Сдвинулась игла с пластинки, и заиграла спокойная джазовая музыка на патефоне. Мужчина пошел на звук, к табличке, мигающей черным оттенком выхода, открыл пыльную дверь, начав путь по длинному коридору. Полированный пол устелен звездами, выгравированными с именами и без. Где-то имена и фамилии смешивались, таблички были потертые или вовсе сломанные, некоторые мутные, другие недосказанные. Легкий мигающий свет и едва слышимый звук передвижения по алому ковру тележки. Несмотря на переход, мир продолжал видеться ему черно-белым, лишь иногда знакомые предметы и оттенки возвращали ему часть воспоминаний, что связывали его с настоящим когда-то.

Идя по незамысловатому коридору, он видел меняющиеся двери, выступы, на которых стояли разные предметы, а иногда и таблички. На некоторых дверях обозначались секции: «Вечные», «Массовые», «Авторское», «Короткий метр», «Неизвестные», «Коммерческие», а также жанровые разделения, разделение режиссеров, сценаристов с множеством подразделов и коридоров, выходящих из одного в другой. Казалось, этот бесконечный коридор все равно сводился к другому и менялся в бесконечной череде, или двери прибывали в двух и более местах одновременно.

Проходя по бардовому ковру в серых оттенках, он замечал полки с разными элементами; над какими-то дверями висели часы, абсолютно разные, кривые, неправильно идущие. По некоторым элементам можно было догадаться, чья это была дверь, вернее, какой мир она открывала. Мужчина приметил, что они все были ему знакомы. Он рассматривал каждую, отмечая детали острым взглядом.

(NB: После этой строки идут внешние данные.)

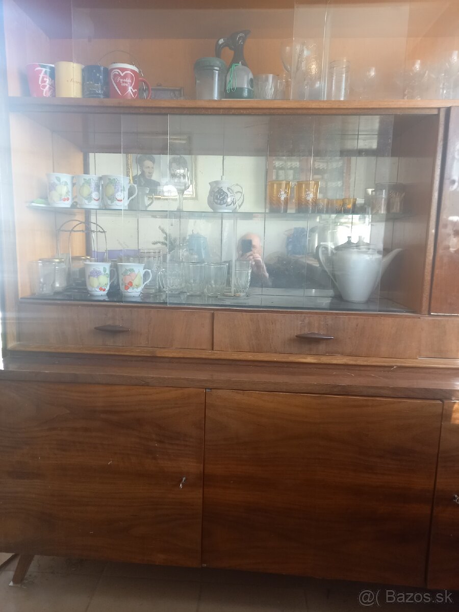 Retro obývačka - [22.3. 2026]Predám zachovalú celú zostavu, skriňa, 2x sekretár, konferenčný stolík(jeden roh odlupený), jedálenský rozkladací stôl +stoličky, rozkladací gauč +kreslá -treba vytepovať.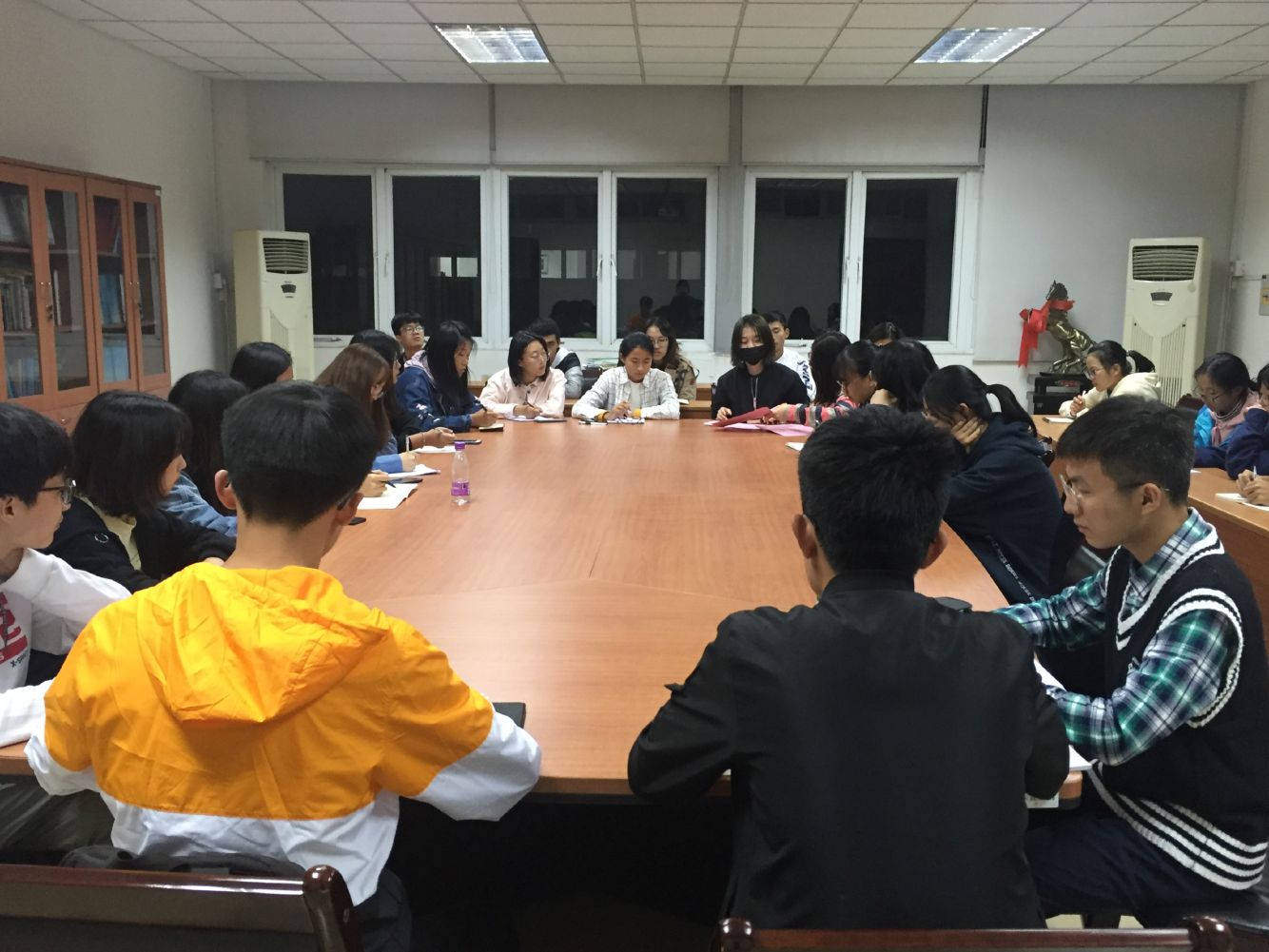 会议开始,各班团支书交流了近期的工作情况,各部门汇报了工作情况,就宿舍风采评比大会和团建活动作出总结。接着李崇副书记要求各班团支书统计各班团员数量、认领团章。随后,卞苏清副书记讲述了关于“智慧团建”组织整顿的事情,希望各团支部高度重视,认真落实。最后,两位副书记详细解答了大家关于智慧团建的疑惑。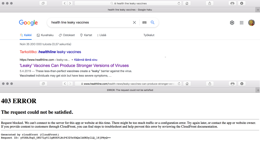 ”Mielenkiintoinen tutkimus” nimim. 137 kirjoitti, ja perässä oli linkki Healthlinen artikkeliin ”’Vuotavat rokotteet saattavat tuottaa vahvempia versioita viruksista” (Leaky’ Vaccines Can Produce Stronger Versions of Viruses –Roberta Alexander | Healthline 27.7.2015). Edellä annettu linkki ei toimi, minulla ainakaan. WaybackMachinen tallenne 30.7.2015 löytyy >>tästä linkistä<< Artikkeleita tutkimuksesta löytyy myös CTV Newsilta (29.7.2015) ja Quanta-lehdeltä vuodelta 2018.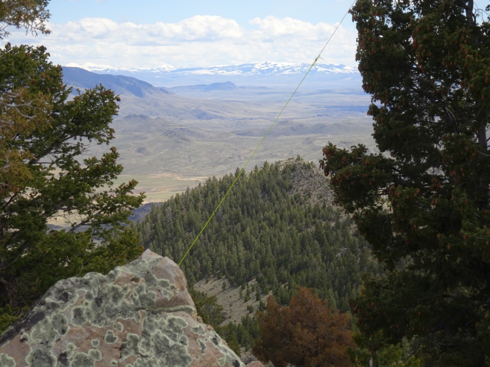 From I-15: Take Exit-93 (Melrose) & head west up the Trapper Creek Road. Drive 3.4 miles & turn right on the 2-track. Follow the 2-track north past the impromptu shooting range & continue north about 0.9 miles to a fork. Continuing straight (left) heads towards the southern side of the summit (I didn’t check this out) & looks like a reasonable approach. I turned right & continued on. The road will cross a small irrigation ditch 2 or 3 times. Head up Dry Hollow Gulch (NNW-ish), generally taking left-turns whenever the road forks. The road will curve to the left (west) & go over a low pass. W7M/BE-192 is on the left (south). Look for the 2-track that heads partway up the north slope & park where it “T’s” off the main road. This secondary 2-track is closed to motorized use. The climb is straight-forward with no complications. There are nice views of the surrounding country.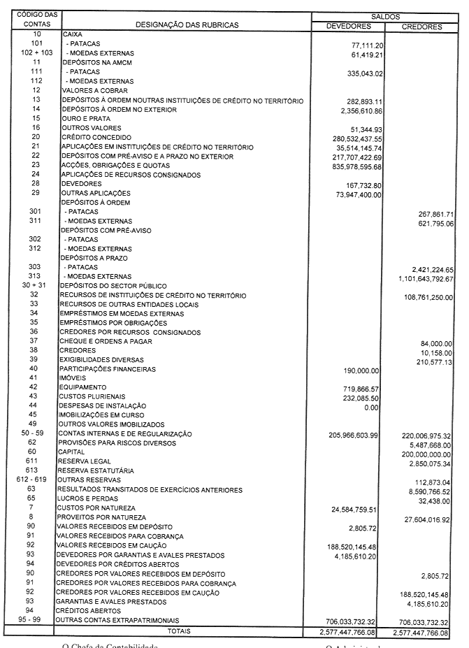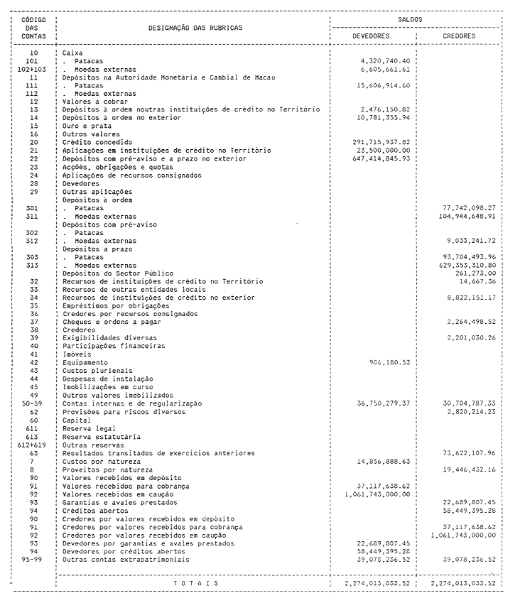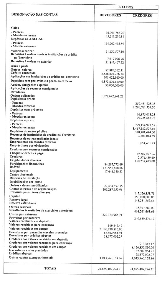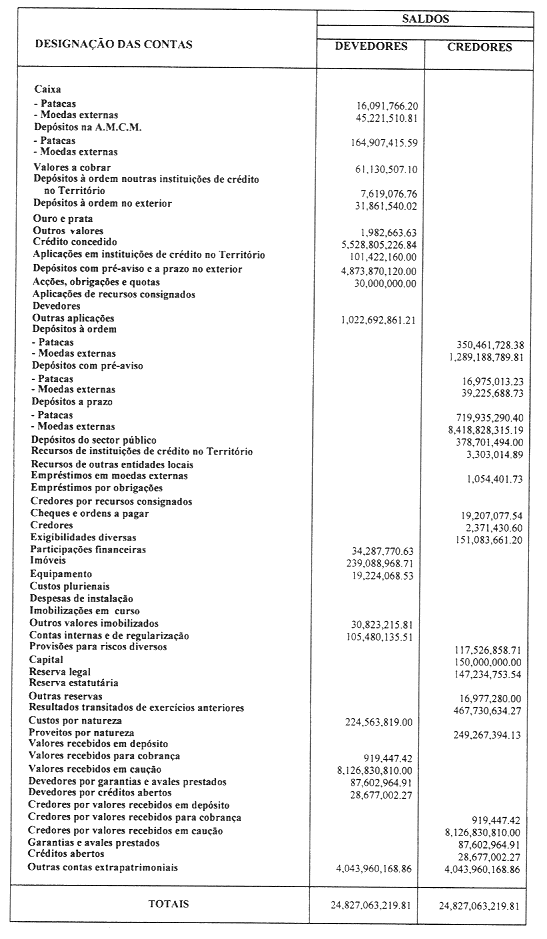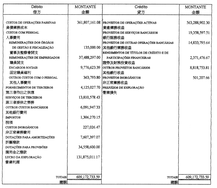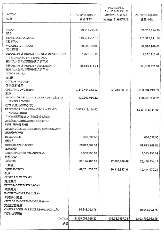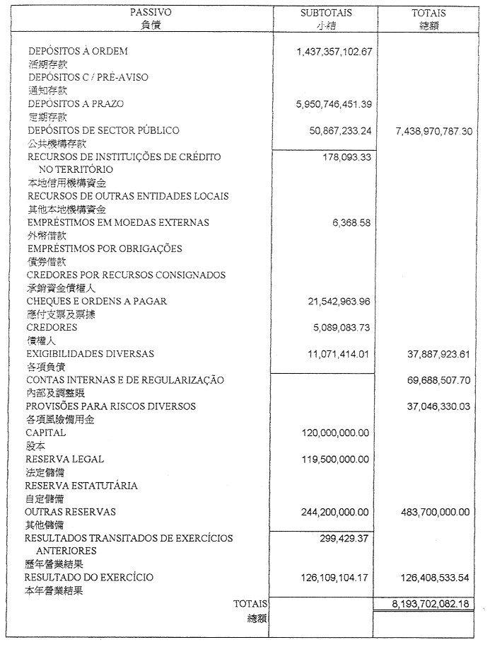 本銀行之資產負債表、營業決算及損益表,係依照本澳銀行法例而編製並經聘請核數師畢馬威會 計師事務所審核完竣,足以顯示本銀行於二零零零年十二月三十一日之真實公平財務狀況及截至該日止之全年溢利。

Вначале пути виднелись черно-белые фильмы с смытыми названиями, иногда складывающиеся воедино. Рядом с одной дверью находился люк с потоками странно идущего вверх воздуха. Был легкий аромат духов, богатств. Виднелась гравированная надпись «Мэрилин Монро». Продвигаясь дальше, он заметил дверь Чарли Чаплина, которую сразу узнал по корзинке цветов, трости, усам и котлообразной шляпе. Приоткрыв ее, он увидел поразительное количество фильмов, человека, который остался преданным немому кино и глубокому смыслу. Там виднелись и «Огни большого города», «Кармен», «Маскарадная маска» и другие. Закрыв дверцу миров, он направился дальше, подмечая фильмы из СССР: «Обыкновенное чудо», «Калина красная», «Бриллиантовая рука» и многие другие вместе с режиссерами — начиная от Эйзенштейна, Бондарчука, заканчивая такими, как Рязанов, Гайдай, Тарковский, Роу, Захаров, Меньшов. Казалось, для других эти фамилии бы не значили ничего, но не для него. Он смотрел. Смотрел многие фильмы из их фильмографии. Затем он заметил старые голливудские фильмы, как «Касабланка» с почти стертой датой 1940-х… Переходя через великих, он достиг настоящего, когда он начал жить и начал знакомиться, на тот момент, с современным кино. Его черно-белое зрение словно отцвело, залилось ярким контрастом и цветными осколками глазниц. Он переступил через порог в виде бесконечно тянущейся киноленты, которая обрывалась по другую сторону порога; на отцветшей, обрезанной кинопленке с едва видным концом виднелась частичка продолжения жизни, но уже в других правилах.4 Он направился дальше.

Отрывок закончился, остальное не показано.